EXERCISE DETAILS -
Restate word for word the part of the material that runs from the line containing "薄款 宽松加大码 2025新款 套装 可外穿家居服 短袖 猫人纯棉睡衣男夏季" through its final line, inclusive, minus the pictures.

=== Begin Enclosure ===

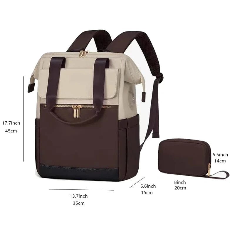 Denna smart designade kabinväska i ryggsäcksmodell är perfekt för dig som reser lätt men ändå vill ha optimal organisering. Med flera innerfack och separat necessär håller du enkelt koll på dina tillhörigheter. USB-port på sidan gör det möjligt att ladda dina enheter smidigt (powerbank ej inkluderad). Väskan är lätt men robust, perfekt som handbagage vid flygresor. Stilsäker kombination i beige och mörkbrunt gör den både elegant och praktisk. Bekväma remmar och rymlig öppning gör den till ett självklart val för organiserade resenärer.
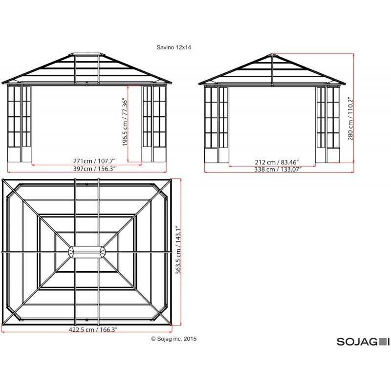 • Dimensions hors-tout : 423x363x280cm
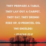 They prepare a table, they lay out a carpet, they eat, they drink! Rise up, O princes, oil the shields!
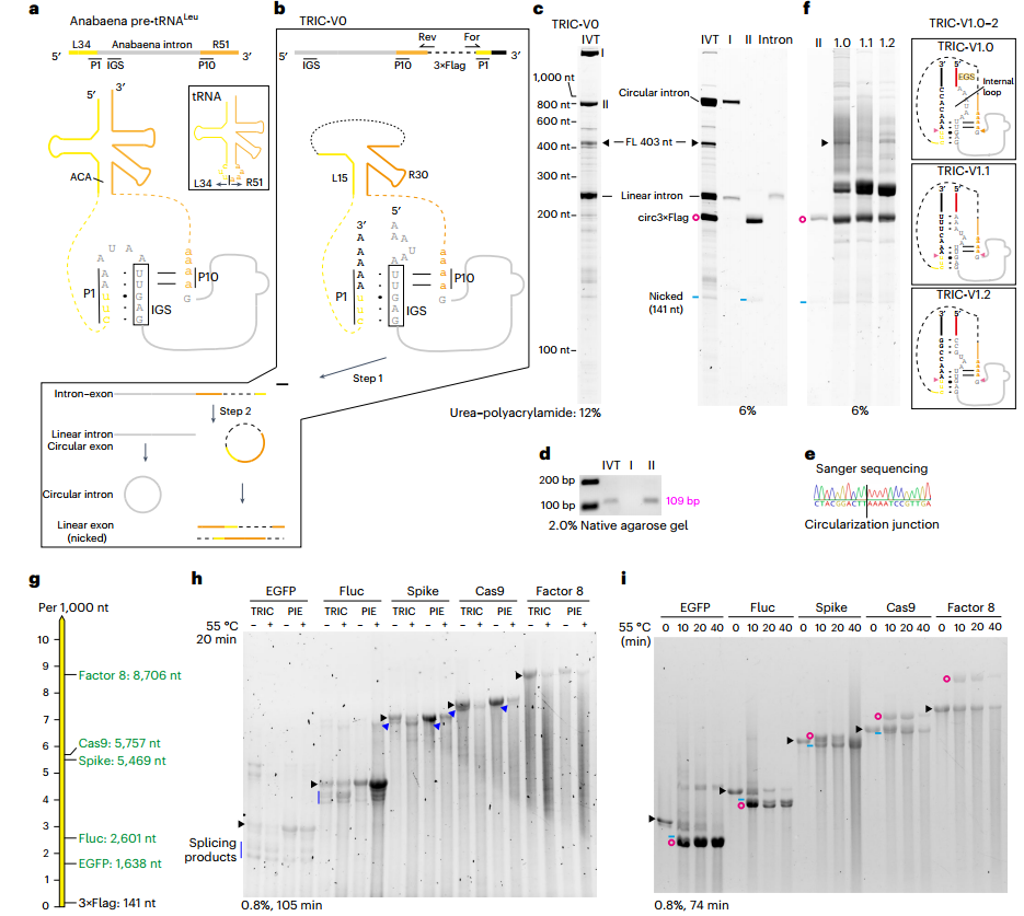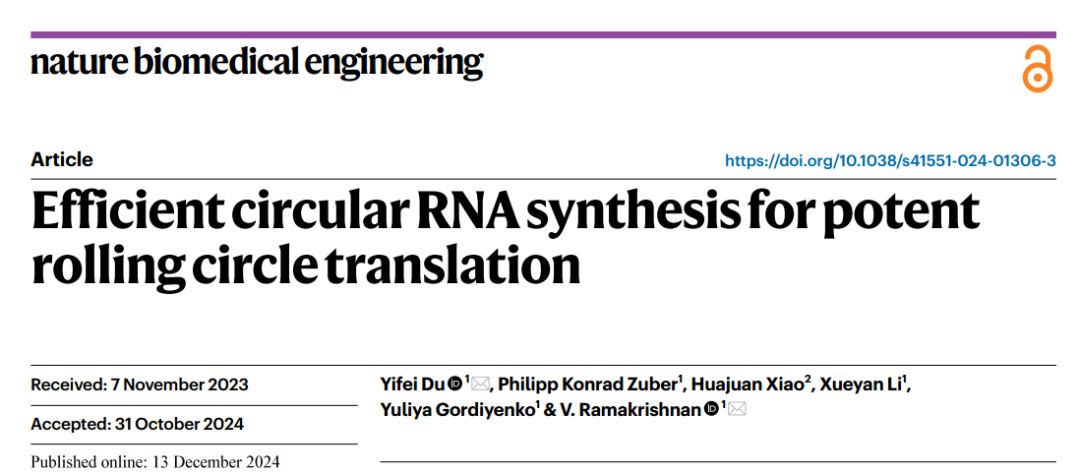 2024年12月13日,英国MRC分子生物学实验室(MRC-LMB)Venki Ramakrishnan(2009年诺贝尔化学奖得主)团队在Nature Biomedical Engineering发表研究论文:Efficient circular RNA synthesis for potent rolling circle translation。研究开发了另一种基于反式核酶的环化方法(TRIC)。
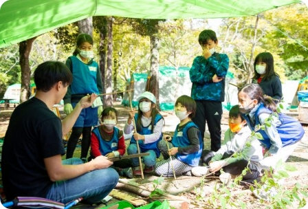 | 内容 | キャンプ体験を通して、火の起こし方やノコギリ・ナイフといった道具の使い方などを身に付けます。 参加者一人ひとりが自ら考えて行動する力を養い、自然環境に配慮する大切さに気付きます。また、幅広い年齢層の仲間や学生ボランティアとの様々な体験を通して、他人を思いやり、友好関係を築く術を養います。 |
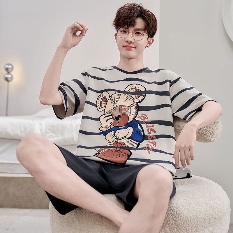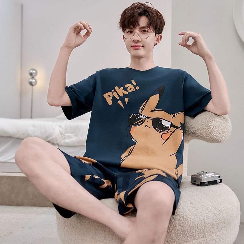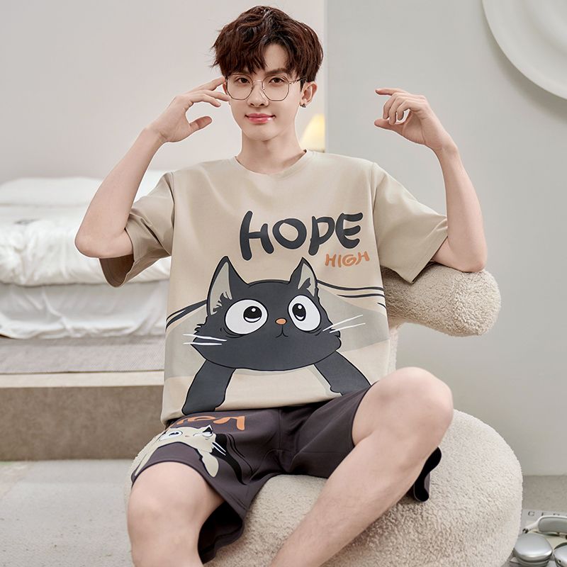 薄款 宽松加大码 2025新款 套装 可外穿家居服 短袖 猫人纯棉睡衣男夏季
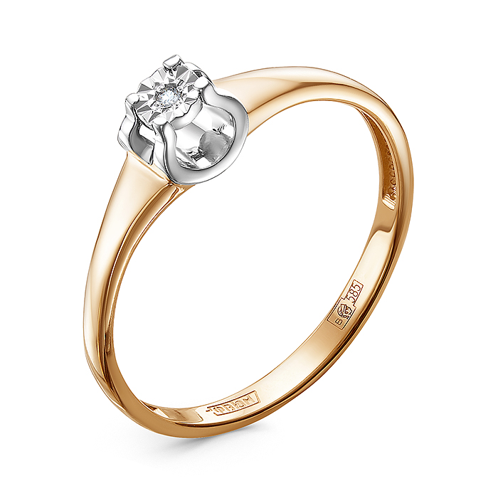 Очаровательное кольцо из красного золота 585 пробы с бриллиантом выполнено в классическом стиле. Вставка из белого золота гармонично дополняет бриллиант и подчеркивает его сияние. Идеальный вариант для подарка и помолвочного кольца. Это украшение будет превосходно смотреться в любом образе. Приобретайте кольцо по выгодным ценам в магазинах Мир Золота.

=== End Enclosure ===

EXERCISE ANSWER -
 薄款 宽松加大码 2025新款 套装 可外穿家居服 短袖 猫人纯棉睡衣男夏季
 Очаровательное кольцо из красного золота 585 пробы с бриллиантом выполнено в классическом стиле. Вставка из белого золота гармонично дополняет бриллиант и подчеркивает его сияние. Идеальный вариант для подарка и помолвочного кольца. Это украшение будет превосходно смотреться в любом образе. Приобретайте кольцо по выгодным ценам в магазинах Мир Золота.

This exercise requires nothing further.